Trajectory Solver Failures - markmac99/ukmon-pitools GitHub Wiki
Full details of how the solver works are beyond the scope of a wiki, but it can be summarised as follows:
- detections are grouped into potential matches based on time and field of view of cameras.
- The intersecting-planes and line-of-sight methods are used to determine the feasibility of a solution.
- The data are then fed into a monte-carlo simulation which adds gaussian noise to each point, to determine a set trajectories that can be fit to the data within reasonable tolerances.
- These trajectories are then mapped back onto the line-of-sight data to determine the most probable path and velocity of the meteoroid.
While two detections might be within a couple of seconds of each other and in overlapping fields of view, they could actually be different meteors. During showers its common to get two or three meteors in a ten second window. When different events are matched by mistake, the result is usually physically unrealistic: the meteor starts or ends underground, or travels upwards, or its initial altitude or velocity is much too high or too low. Meteors are normally detected between 120 and 80km altitude and travel at between 15 and 80 km/s, so anything outside that range is not likely to be a meteor.

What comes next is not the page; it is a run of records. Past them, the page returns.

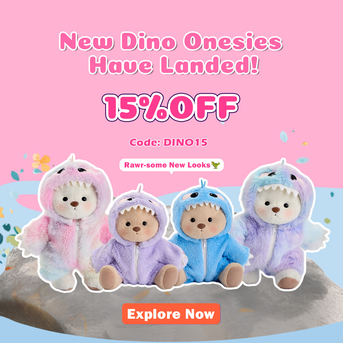 At Getahug, our dinosaur-themed teddy bears have always been fan favorites, with the beloved pink and green dinosaurs capturing hearts everywhere.
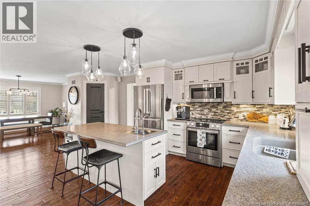 Welcome to this gorgeous Executive Bungalow in the sought after Liberty Estates. This custom-built home with 2+2 bedrooms and 3 1/2 baths offers high-quality finishes and impressive curb appeal. The home features an open-concept kitchen, formal dining, and living area with hardwood floors, ceiling-height cabinetry and an island with prep sink. The spacious primary suite includes a full ensuite with double sinks, double glass shower, and a large walk-in closet. A second bedroom, full bath, laundry room, and mudroom with half bath complete the main level. The lower level offers a large family room, 2 additional bedrooms, a 3rd full bath, cold storage, and a workshop with stairs leading to the oversized 28' x 28' garage, with workshop that has a roll-up-door. Comfort features include a central heat pump on the main level and two ductless units (downstairs & garage). Generator-ready. Enjoy the composite front verandah, composite back deck with cedar extension, paved driveway, private yard, gazebo-covered hot tub, and fire pit area. Only minutes to all amenities. A beautifully finished home perfect for families! (id:34572)
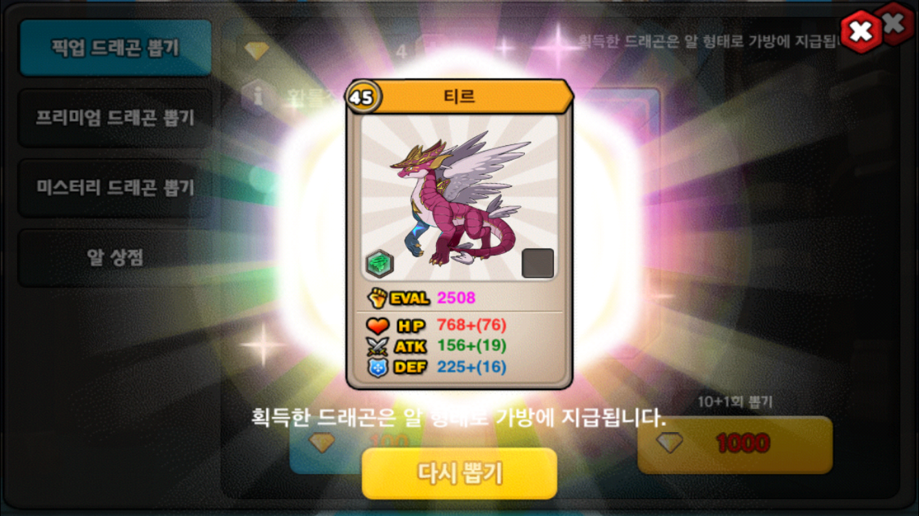 픽업뽑기 결과
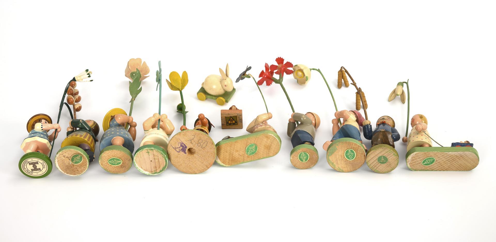 Kleines Karussell zum Andrehen von Hand (H 8 cm), 10 Blumenkinder Wendt & Kühn sowie 2x andere Hersteller (H 11 - 13 cm). Dazu 2 Häschen. Altersspuren, kleine Defekte.
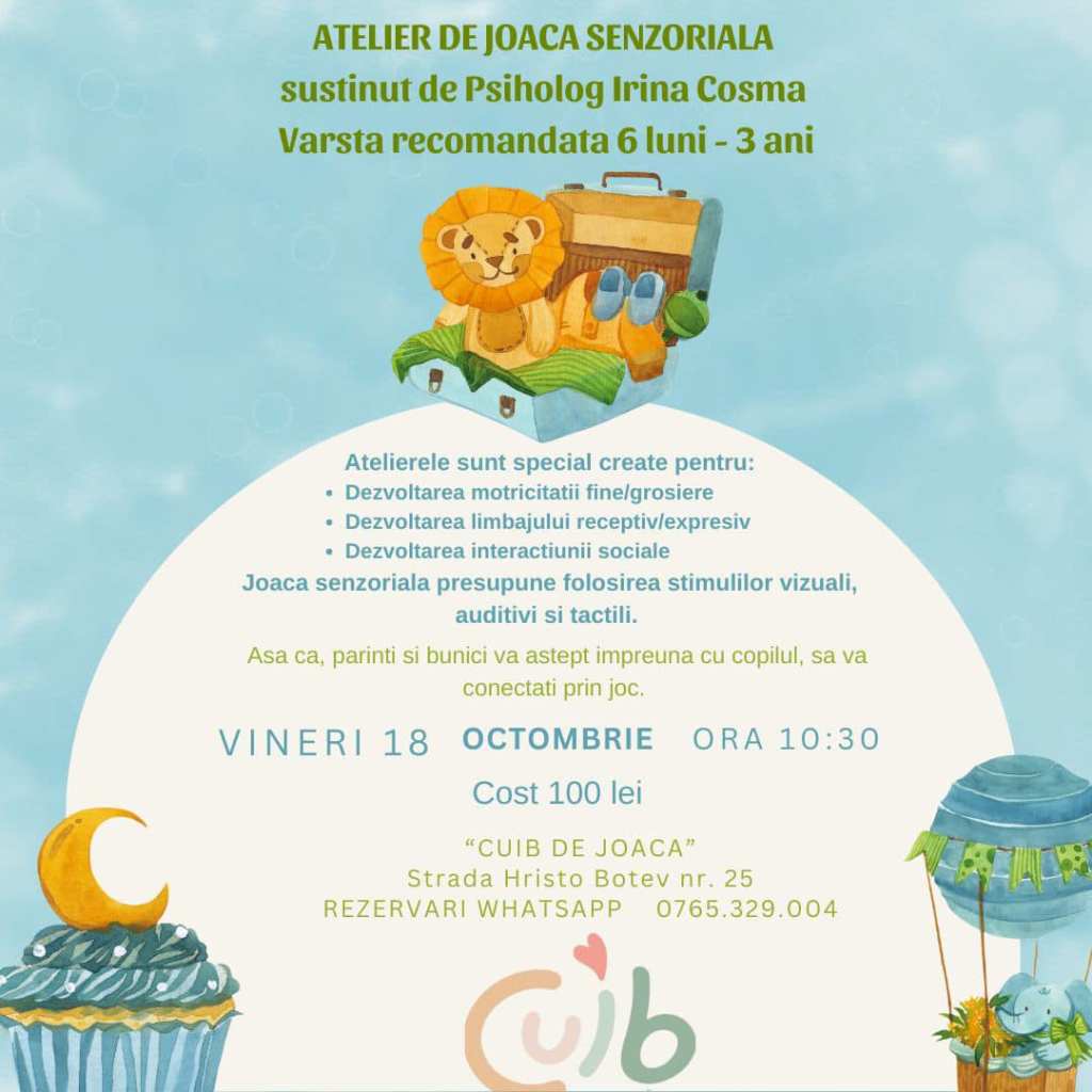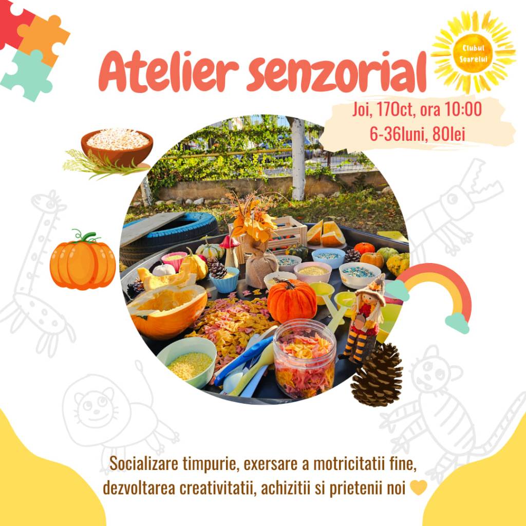 – Atelier senzorial, la Clubul Soarelui Chiajna, 17 octombrie, ora 10, 6 luni – 3 ani, 80 lei/copil
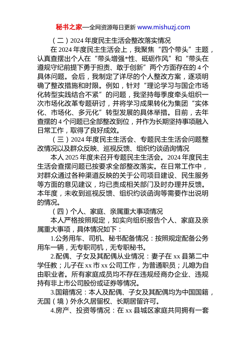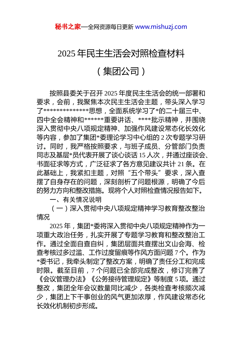 秘书之家—全网资源每日更新 www.mishuzj.com2025 年民主生活会对照检查材料(集团公司)按照县委关于召开 2025 年度民主生活会的统一部署和要求,会前,我聚焦本次民主生活会主题,带头深入学习了**************思想,全面系统学习了*的二十届三中、四中全会精神和******重要讲话、****批示精神,并围绕深入贯彻中央八项规定精神、加强作风建设常态化长效化等内容,参加了集团*委理论学习中心组的 2 次专题学习研讨。同时,我严格按照要求,与班子成员、分管部门负责同志及基层*员代表开展了谈心谈话 15 人次,并通过座谈会、书面征求等方式,广泛征求了各方意见建议共计 21 条。在此基础上,我紧扣主题,对照“五个带头”要求,深入查摆了自身存在的问题,深刻剖析了问题根源,明确了今后的努力方向和整改措施。现将个人对照检查情况报告如下。一、有关情况说明(一)深入贯彻中央八项规定精神学习教育整改整治情况2025 年,集团*委将深入贯彻中央八项规定精神作为一项重大政治任务,扎实开展了专题学习教育和整改整治工作。通过全面自查自纠,集团层面共查摆出文山会海、检查考核过多过滥、工作过度留痕等作风方面问题 7 个。作为*委书记,我牵头制定了整改方案,明确了责任分工和完成时限。截至目前,7 个问题已全部完成整改,修订完善了《会议管理办法》《公务接待管理规定》等制度 5 项。通过整改,集团全年会议数量同比减少,各类检查考核频次减少,集团上下干事创业的风气更加浓厚,作风建设常态化长效化机制初步形成。秘书之家—全网资源每日更新 www.mishuzj.com(二)2024 年度民主生活会整改落实情况在 2024 年度民主生活会上,我聚焦“四个带头”主题,认真查摆出个人在“带头增强*性、砥砺作风”和“带头在遵规守纪前提下勇于担责、敢于创新”两个方面存在的 4 个具体问题。会后,我制定了详尽的个人整改方案,逐项明确了整改措施和时限。例如,针对“理论学习与国企市场化转型实践结合不紧”的问题,我坚持每季度牵头组织一次市场化改革专题研讨,并将学习成果转化为集团“实体化、市场化、多元化”转型发展的具体举措。目前,去年查摆的 4 个问题已全部整改到位,并作为长期坚持事项融入日常工作,取得了良好成效。(三)2024 年度民主生活会、专题民主生活会问题整改情况以及群众反映、巡视反馈、组织约谈函询情况本人 2025 年度未召开专题民主生活会。2024 年度民主生活会查摆问题已按要求全部整改落实。在日常工作中,对群众通过各种渠道反映的关于公司项目建设、民生服务等方面的意见建议,均已责成相关部门及时办理并反馈。本年度,未收到巡视反馈、组织约谈函询等需要作出说明的情况。(四)个人、家庭、亲属重大事项情况本人严格按照规定,如实向组织报告个人、家庭及亲属重大事项,具体情况如下:1.公务用车、司机、秘书配备情况:按照规定配备公务用车一辆,无专职司机,无专职秘书。2.配偶、子女及其配偶从业情况:妻子在 xx 县第二中学任教;儿子在 xx 市 xx 公司工作,为普通职员;儿媳为自由职业者。所有家庭成员均不存在违规经商办企业、违规持有非上市公司股份或证券等情况。3.国籍情况:本人及配偶、子女及其配偶均为中国国籍,无国(境)外永久居留权、长期居留许可。4.房产、投资等情况:在 xx 县城区家庭共同拥有一套秘书之家—全网资源每日更新 www.mishuzj.com商品房,在 xx 市为儿子购置婚房一套,无其他在国(境)内外持有的房产。未参与任何形式的违规投资、借贷活动。其他个人重大事项均已按规定向组织如实报告。二、存在的问题我严格对照“带头强化政治忠诚、提高政治能力,带头固本培元、增强*性,带头敬畏人民、敬畏组织、敬畏法纪,带头干事创业、担当作为,带头坚决扛起管*治*责任”这五个方面,把自己摆进去、把职责摆进去、把工作摆进去,查摆出的主要问题如下。(一)在带头强化政治忠忠、提高政治能力方面一是政治判断的敏锐性仍有差距。对一些新生事物、新兴业态的政治属性和潜在风险,洞察力还不够强。2025年下半年,在研究集团拟投资的一个新能源储能项目时,我最初的关注点更多地集...

Each camera has a different view and will pick up the meteor at a different time depending on distance, atmospheric conditions and camera. The solver attempts to compensate for this by allowing up to five seconds difference in start time of the event as seen from different cameras. However, if the detections still can't be matched even after allowing for timing discrepancies, either they're different meteors, or the data are in some way too inaccurate. Perhaps one detection was through cloud, or near the horizon, or right on the edge of the field of view.
If the meteor is a long way off, or the cameras are relatively close together as seen from the meteor, then the convergence angle may be too small for accurate calculations. Imagine drawing a triangle with the cameras at two corners and the meteor at the third. If the triangle has a wide base and sides around the same length, then we can measure the meteor's position very accurately. However, if the base is narrow and the triangle is tall and thin, then the measurement is much less accurate.
Its important to remember that the data reported by the camera are the result of experiment and contains both systematic errors and random noise. For example, the camera sensor has a finite pixel size and we can only measure position to the nearest pixel. Thus sometimes, including a point causes the errors in the fit to stray outside the acceptable range and the point must be excluded. Sometimes an entire camera gets excluded - usually this happens because it had a bad angle on the detection, or only caught part of the event.
If too many data points are excluded, or no fit can be found that's within tolerances, then the solution will fail.